= Section 109 of the Constitution of Australia =

Interaction between federal and state law

Section 109 of the Constitution of Australia is the part of the Constitution of Australia that deals with the legislative inconsistency between federal and state laws, and declares that valid federal laws override ("shall prevail") inconsistent state laws, to the extent of the inconsistency. Section 109 is analogous to the Supremacy Clause in the United States Constitution and the paramountcy doctrine in Canadian constitutional jurisprudence, and the jurisprudence in one jurisdiction is considered persuasive in the others.

==Text==
Section 109 of the Constitution of Australia provides that:

When a law of a State is inconsistent with a law of the Commonwealth, the latter shall prevail, and the former shall, to the extent of the inconsistency, be invalid.

Section 109, together with section 5 of the Commonwealth of Australia Constitution Act 1900 (which is not part of the Australian Constitution) have been considered to be the foundation for the existence of the judicial review power in Australia. The section provides:

5. This Act, and all laws made by the Parliament of the Commonwealth under the Constitution, shall be binding on the courts, judges, and people of every State and of every part of the Commonwealth, notwithstanding anything in the laws of any State...

"Invalidity of a State law" does not mean that the State law is invalid in the positivist sense that the State Parliament lacks power to pass it. The State law, though enacted with full procedural validity, merely ceases to have operative force. Hence, in order for s.109 to come into operation at all, there must be a valid State law and a valid Commonwealth law. When s.109 takes effect, the State law yields to the Commonwealth law, but remains a valid law of the Parliament which enacted it. The practical significance of this will become apparent if, at some later date, the over-riding Commonwealth law ceases to operate. This effect applies also to laws passed by a state (i.e., while it was a colony) prior to the establishment of the Australian Constitution as well as those passed by a state after the Commonwealth had passed a relevant law.

==History of approach==
The High Court of Australia in D'Emden v Pedder (1904), in the first substantial constitutional case presented before the court, cited and drew on the jurisprudence of the United States case of McCulloch v. Maryland, recognising that the case was not binding. Following the reasoning in the American case, the court adopted the doctrine of implied intergovernmental immunities.
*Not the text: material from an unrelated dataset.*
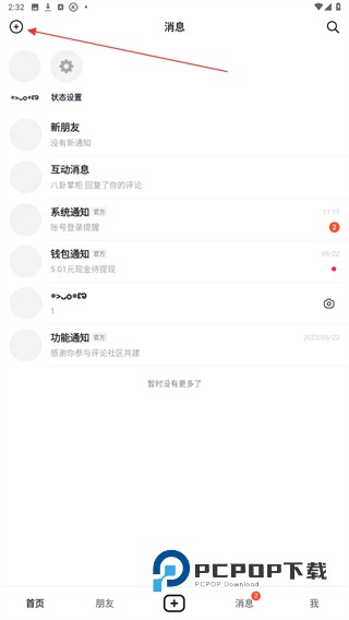2、进入消息的页面内,点击左上角+的功能按钮。

In the Engineers Case (1920), the High Court of Australia swept away the earlier doctrines of implied intergovernmental immunities and reserved State powers, firmly establishing the modern basis for the legal understanding of federalism in Australia. The Court also rejected the use of American precedent and said that they would apply the settled rules of construction giving primacy to the text of the Constitution, anchoring interpretation in its express words. In 2003, former Chief Justice of Australia Sir Anthony Mason wrote:

The combination of literal interpretation and a broad construction of Commonwealth powers led to the Commonwealth assuming a dominant position in the Australian federation vis-a-vis the states. The Engineers Case ushered in a period of literal interpretation of the Constitution. Literal interpretation and legalism (of which Sir John Latham was the chief exponent) were characteristic of the Court's constitutional interpretation for the greater part of the 20th century.

In conjunction with the doctrine outlined in the Engineers Case, it has also significantly extended the reach of Federal legislative power in Australia.
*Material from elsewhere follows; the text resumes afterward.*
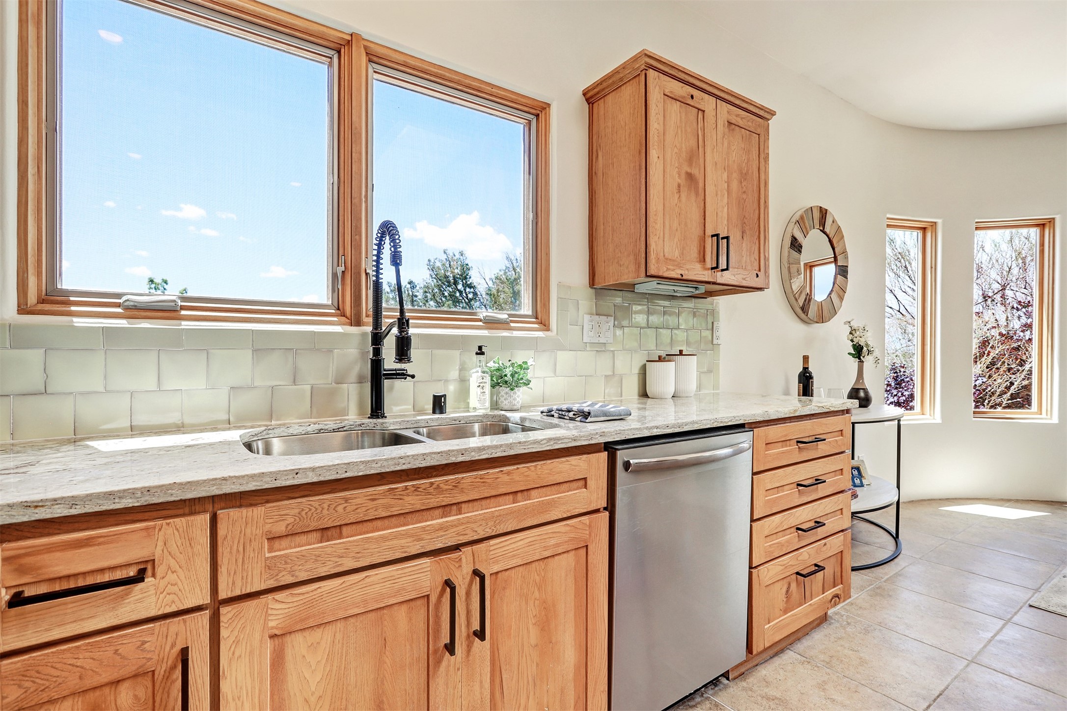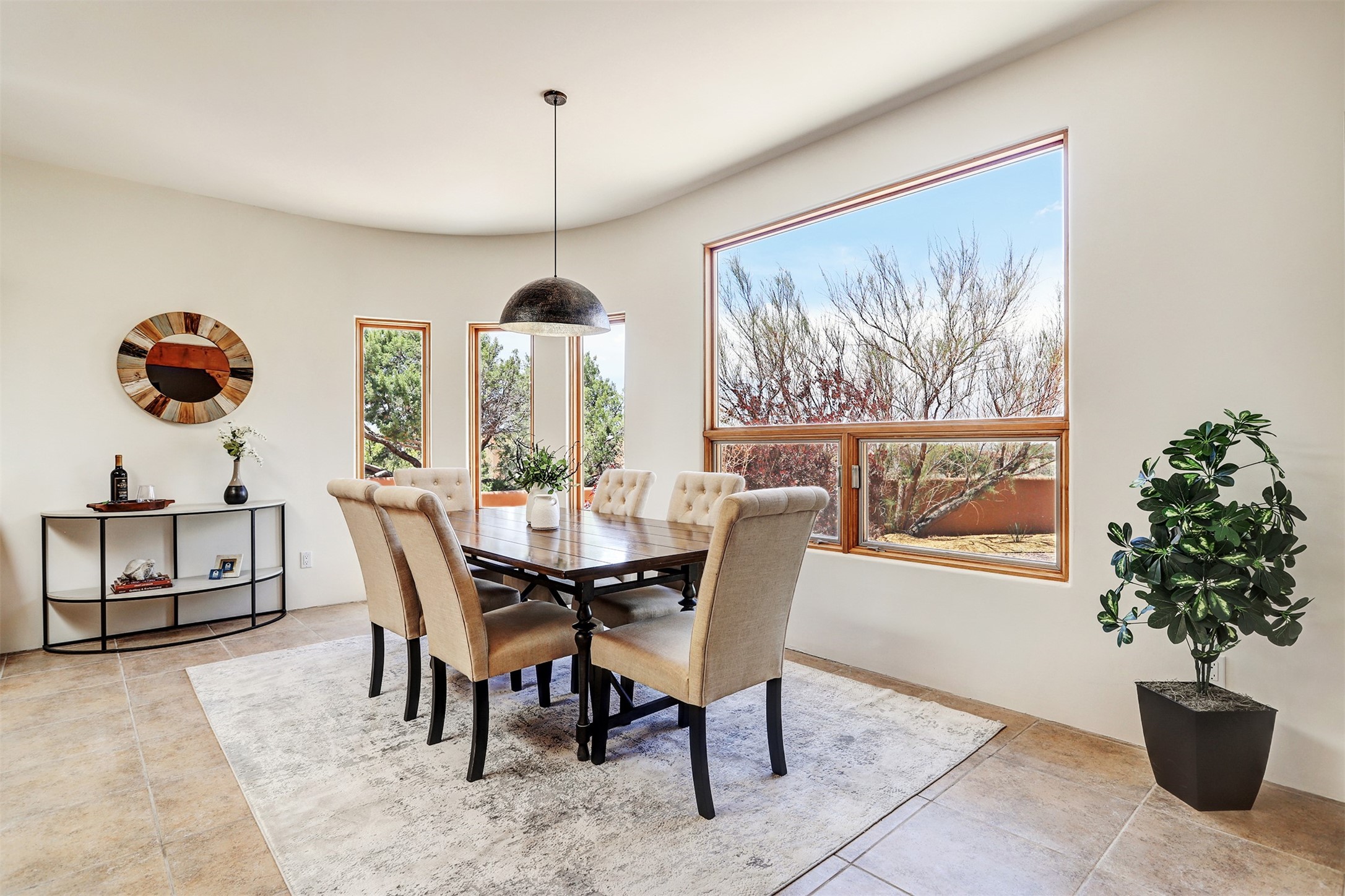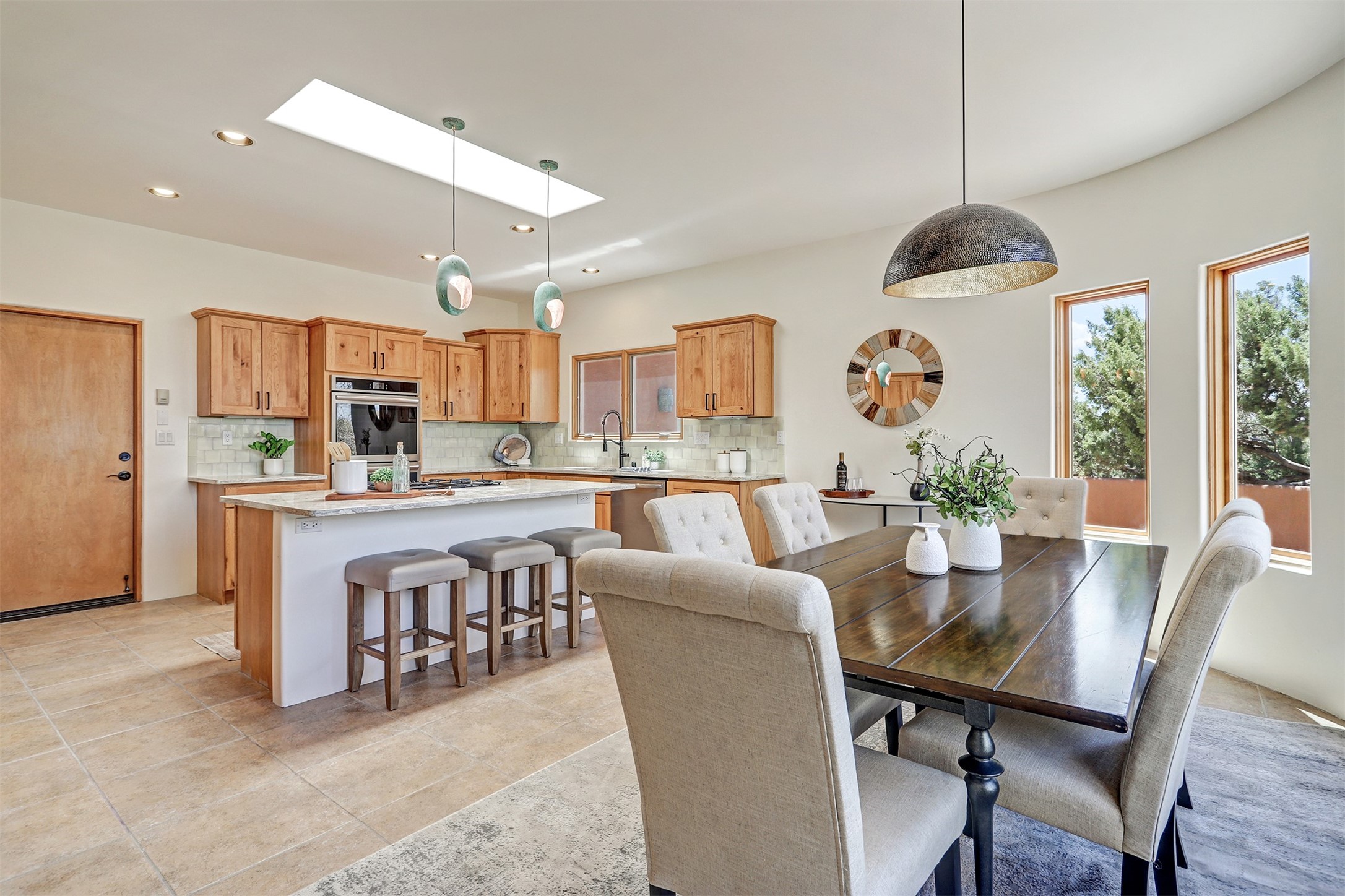 Welcome to this extraordinary residence in the highly desirable Eldorado, where Southwestern elegance meets modern comfort. Upon entering, you're greeted by soaring vaulted ceilings, exquisite tongue-and-groove woodwork, and beautiful vigas, setting the stage for this home's timeless design. The spacious living area, anchored by a traditional kiva fireplace, flows seamlessly into a chef-inspired kitchen. Featuring custom handmade tile backsplash, granite countertops, elegantly designed cabinetry, and brand-new stainless steel appliances, this kitchen is perfect for both everyday living and entertaining. The primary suite is a true retreat, offering a kiva fireplace, a luxurious ensuite, and extraordinary views of the surrounding mountains, providing the perfect sanctuary. Step outside to the private outdoor portal, adorned with tongue-and-groove ceilings and vigas, offering a peaceful setting for relaxation or entertaining. The front and back of the home boast breathtaking mountain views, adding an ever-changing, picturesque backdrop to daily life. This meticulously crafted home has been thoughtfully upgraded to offer a seamless blend of style and functionality. Located in the coveted Eldorado community, this home offers an ideal combination of privacy and convenience. Eldorado is known for its expansive open spaces, dark night skies, and a vibrant, close-knit community. Enjoy miles of walking, biking, and equestrian trails, along with a community center that features a pool, tennis and pickleball courts, and dog parks. Only a short drive to downtown Santa Fe, you'll have access to the city's galleries, fine dining, and cultural events, offering the best of both worlds. This extraordinary home presents a rare opportunity to live in a serene, natural environment while remaining close to the rich culture and amenities of Santa Fe. Schedule your private showing today to experience this exceptional property in person.

==Approach to interpretation==
The evolution of High Court doctrine in s. 109 cases has led to three broad approaches to determine when there is inconsistency:

- is it impossible to obey both laws? (the "simultaneous obedience" test)
- does one law confer a right which the other purports to take away? (the "conferred rights" test)
- does the federal law cover the field in question? (the "cover the field" test)
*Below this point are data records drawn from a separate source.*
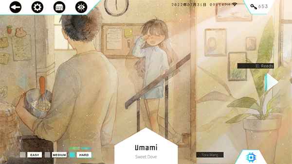 3、演奏两级后,六边形音中六条小短线的判断线。我不确定接下来的六条小判断线是否会旋转。速度的默认设置是OK,很有趣。这个故事是关于在一个层面上解锁记忆。我不知道是否有多个故事。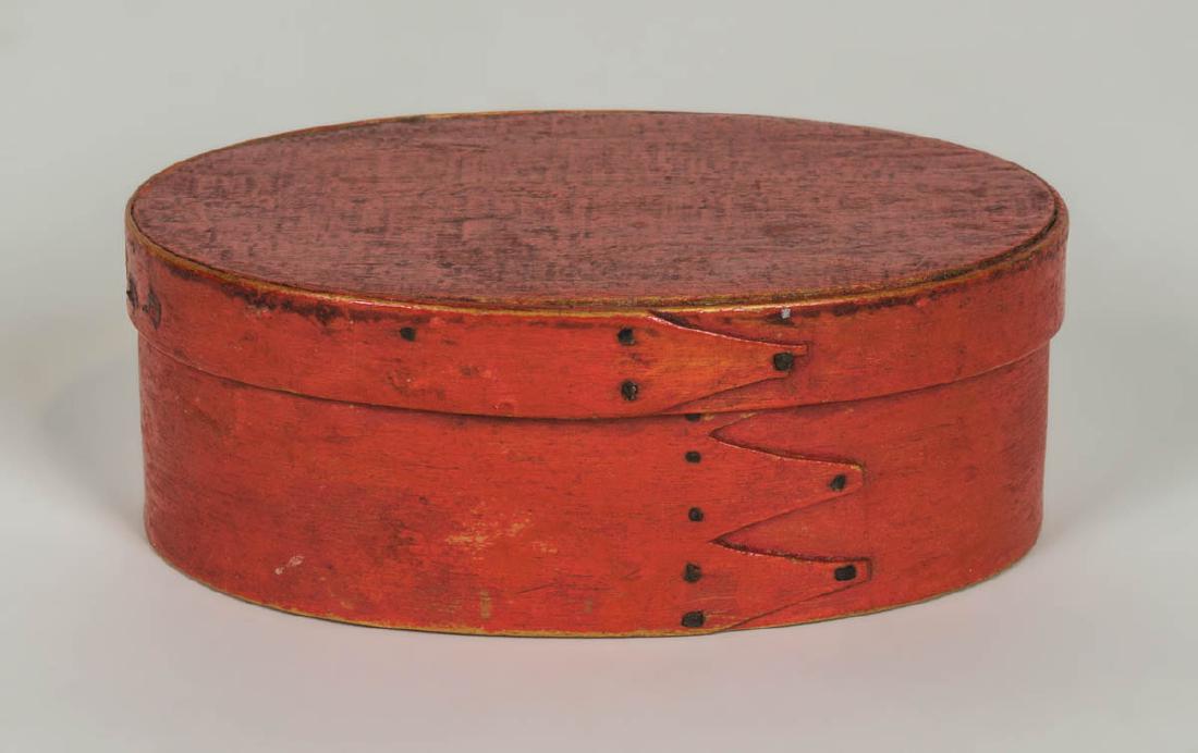 SMALL OVAL BOX Pine and maple, original bright red
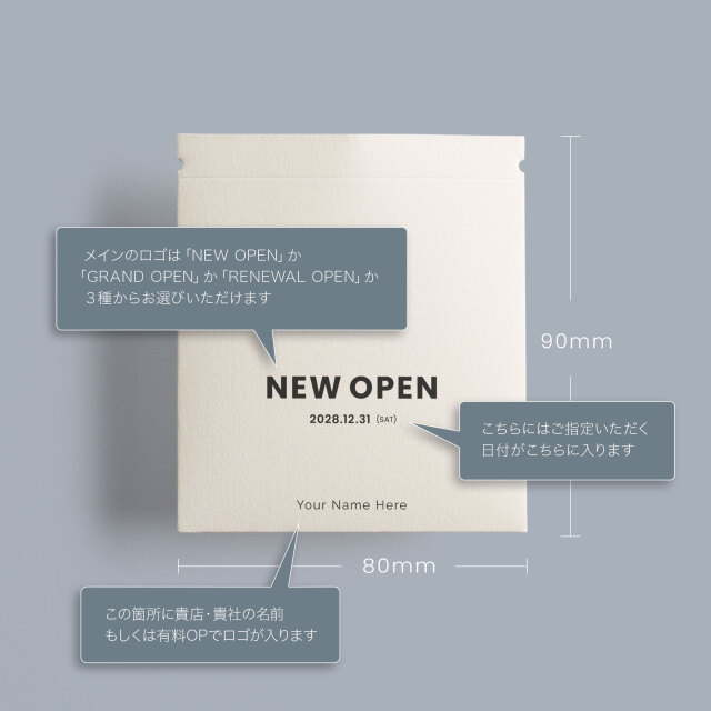 3種類から選べる「OPENロゴ」と共に

The first two tests, and in particular the first, are said to involve direct inconsistency, while the third test is said to be one involving indirect inconsistency.

=== Impossible to obey both laws ===
Instances may arise when it is impossible to obey two laws simultaneously. A classical example is R v Licensing Court of Brisbane; Ex parte Daniell. A state referendum on liquor trading hours was fixed by State law for the same day as a federal Senate election. The Commonwealth law provided that a State referendum could not be held on that day. It was held that the State law, to the extent of the inconsistency, was invalid. As Isaacs J. observed:

But the position is much stronger here, where there is a prohibition coming, not from the Act itself, but ab extra from the Act of a Parliament which must be treated as paramount. The State Act operates not through the Federal Act or Constitution, but by virtue of the State Constitution; and it is valid in all respects except so far as the Federal Act and Constitution obstruct it. If the Federal Act, in place of merely forbidding the poll and prescribing penalties for the taking of the poll, had said that no reduction of licences should result from an affirmative poll, it would seem that there could be no reduction; but it has not said so.

=== One law confers a right which the other purports to take away ===
In some situations, one law may purport to confer a legal right, privilege or entitlement, while another law purports to take away or diminish some right or entitlement. In other words, one law says that you can do X, the other that you cannot do X. For example, the Commonwealth provision in Colvin v Bradley Brothers Pty Ltd affirmed that employers in certain industries could employ women to work on certain machines whilst the State provision made it an offence to do so. It was not impossible to obey both laws, since nothing in the Commonwealth law required the employment of females. This type of inconsistency may require a working-out of the actual effect of both laws in an individual case. Because of this, it could require a more subtle analysis than test 1. Similar reasoning was later used in Telstra v Worthing, in discussing conflicting workers' compensation laws, and in Bell Group v Western Australia, where a Western Australia Act that sought to accelerate the dissolution and administration of the Bell Group was held to conflict with the Commonwealth's income tax laws.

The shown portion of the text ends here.